Карнер махал руками.
— Застопорьте язык свой, чтобы он не выдавал всей вашей глупости! По вашему же писанию выходит, что бог ваш — всеведущий, всезнающий… Зачем же ему испытывать людей? Я не бог, а простой смертный человек, да и то знаю, что если на вас навалить три тонны угля, то вы лопните под такой тяжестью, как таракан под каблуком…
— С вами трудно вести беседу, — заявлял Лутатини.
Карнер шипел на это:
— Да, вам удобнее разговаривать с набожными стариками и старушками, чем со мною.
Во время таких споров выходил из камбуза Прелат. Он становился около Лутатини и неистово хохотал. Он всегда жевал табак, и, когда смеялся, по крупному подбородку стекала бурая жижица. Маленькие и водянистые глаза наполнялись слезами.
— Кроши всех богов, всех святых и чертей на придачу — получится винегрет!
И снова разражался хохотом.
Словно от угара, мутью заволакивался мозг Лутатини. И ему начинало казаться, что его окружают не люди, которым он искренне хотел помочь, а василиски и аспиды, изрыгающие ужасную хулу на святого духа.
V
По мере того как опустошались бункера, хранящие запасы топлива, все меньше высыпался в кочегарку уголь самотеком. Чтобы увеличить его приток, применяли особые меры.

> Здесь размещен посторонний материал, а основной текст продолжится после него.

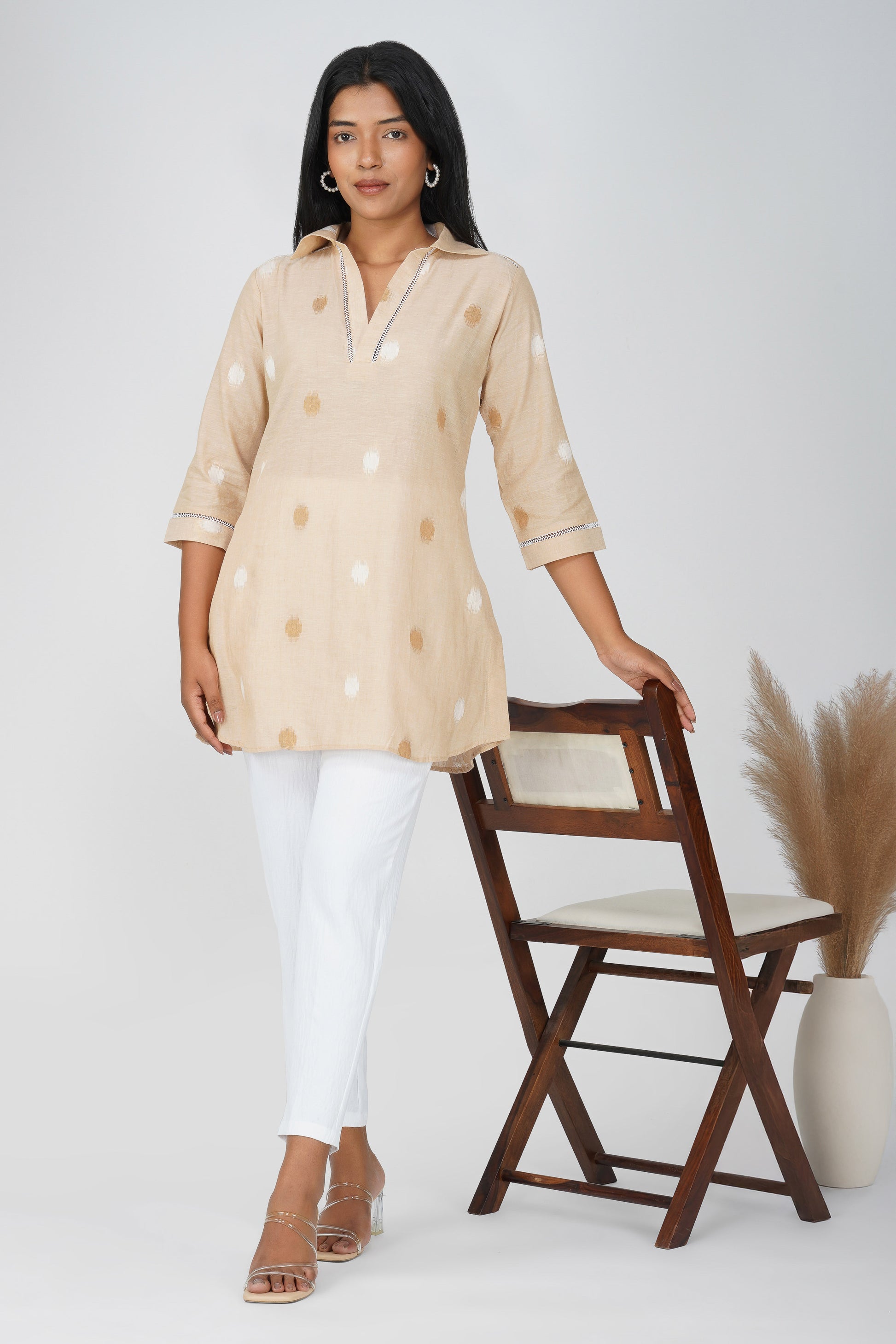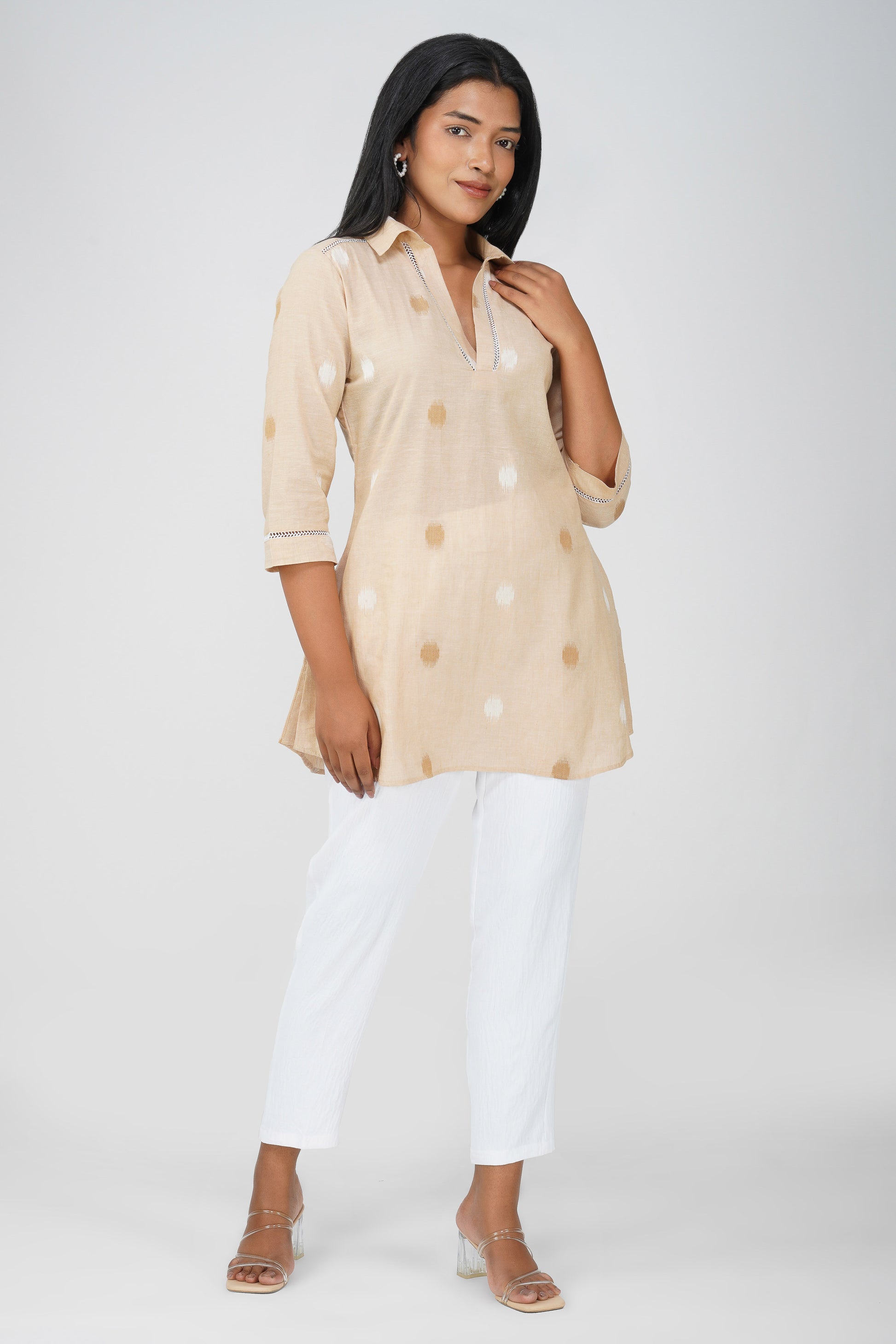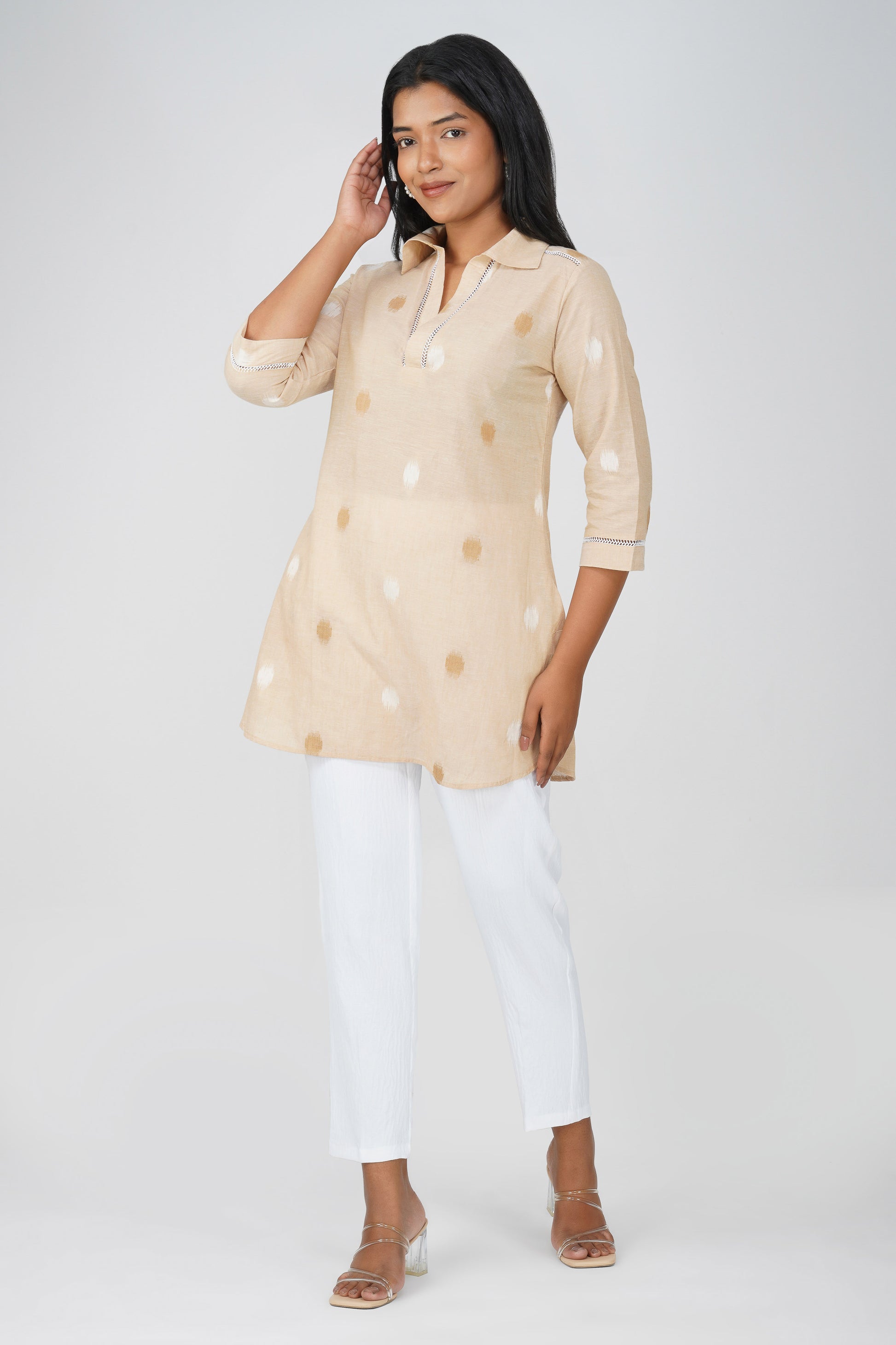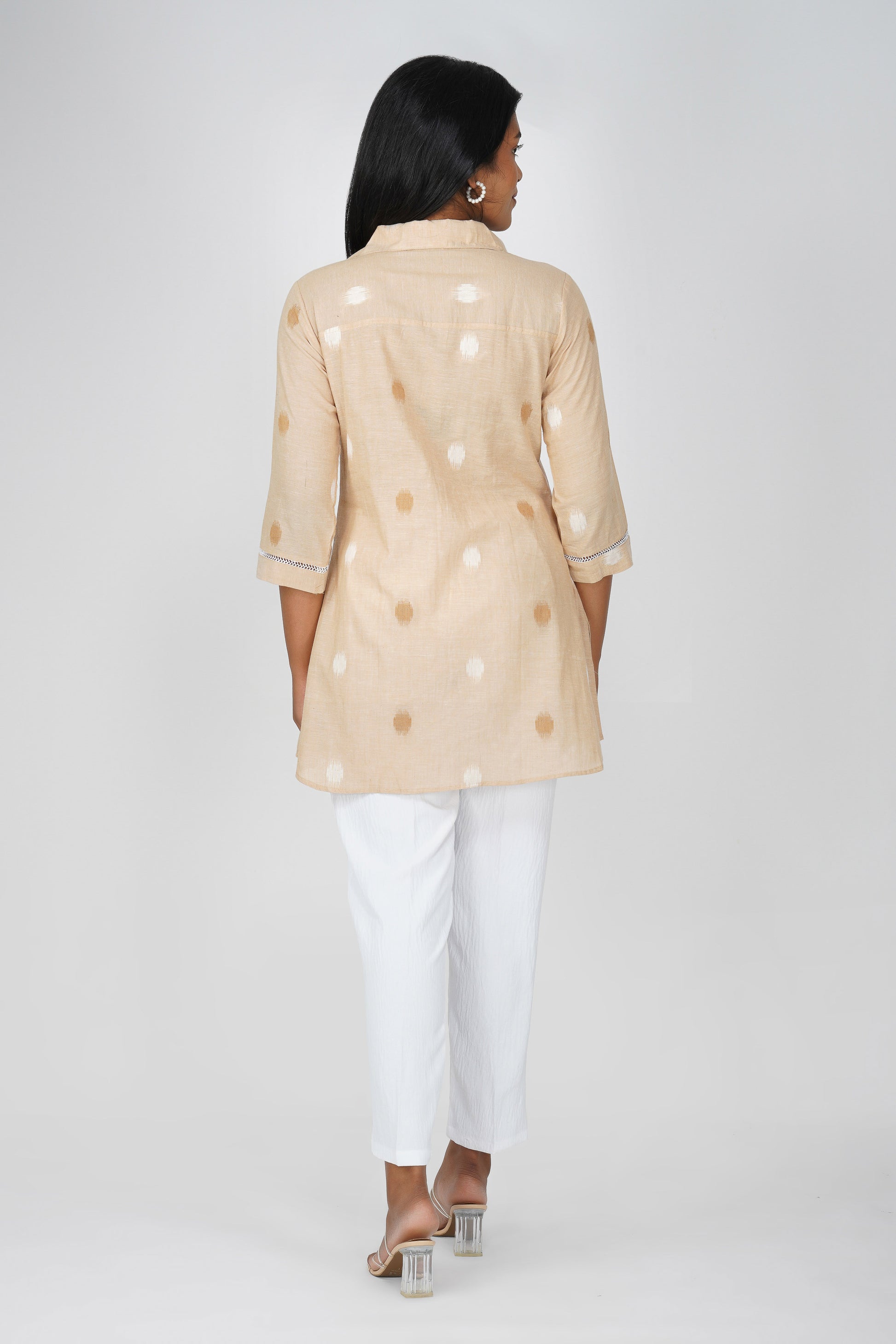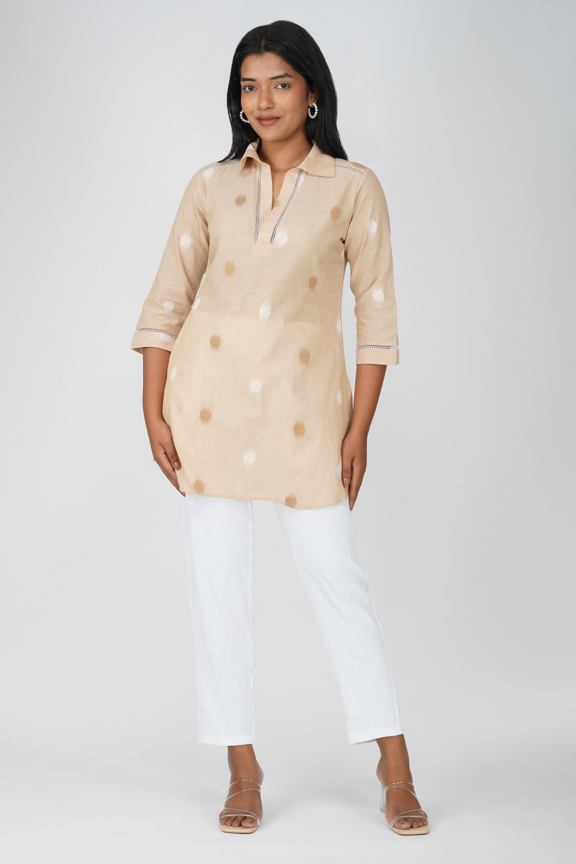 Khaki Buti Handloom Co-ord Set β Shirt Collar Tunic with White Pants

Лутатини лез в бункер, железной лопатой передвигал уголь от задних стен ближе к шахте и ссыпал его на плиты кочегарного отделения. Он постепенно начал втягиваться в этот тяжелый и грязный труд. Руки и ноги стали обрастать мускулами, крепла спина. Но тягостное настроение не покидало его. В помещении, похожем на подземную пещеру, было мрачно и черно. Поднимая густую пыль, он работал, как отверженный, в тусклом освещении переносной электрической лампочки. Иногда он настолько уставал, что стоило ему чуть присесть на уголь, как сейчас же у него в изнеможении закрывались глаза. Тогда около него вырастал кто-нибудь из кочегаров и, толкая его пинком, словно галерного каторжника, разражался неистовой бранью:
— Ваше преподобие! Дьявол тонконогий! Все богослужение проспали!..
Лутатини вскакивал, как встрепанный, и начинал греметь лопатой по углю.
Но случалось, что кочегар вырывал у него лопату и старался на скорую руку ему помочь.
Покончив с делами в бункерах, Лутатини опять спускался в кочегарку, в душный зной, к гудящим топкам.
С первых дней китаец Чин-Ха работал во время своей вахты в одних брюках, по пояс голый, а потом, несмотря на прежнюю жару в кочегарке, почему-то начал надевать синюю рабочую рубаху. В голосе у него послышалась нехорошая сипота. Веселый от природы, постоянно улыбающийся, относившийся к этому рискованному рейсу спокойнее других, он вдруг стал угрюмым. Узкие раскосые глаза его налились тревогой, плоское лицо приняло выражение постоянной сосредоточенности. Он мало ел, хирел с каждым днем и, обессиленный, плохо выполнял свои обязанности. Только не уменьшалась жажда: работая у топок, он вместе с другими кочегарами часто прикладывался к дудочке большого чайника. Кроме того, у него появилось желание мыться в бане после всех — в одиночестве.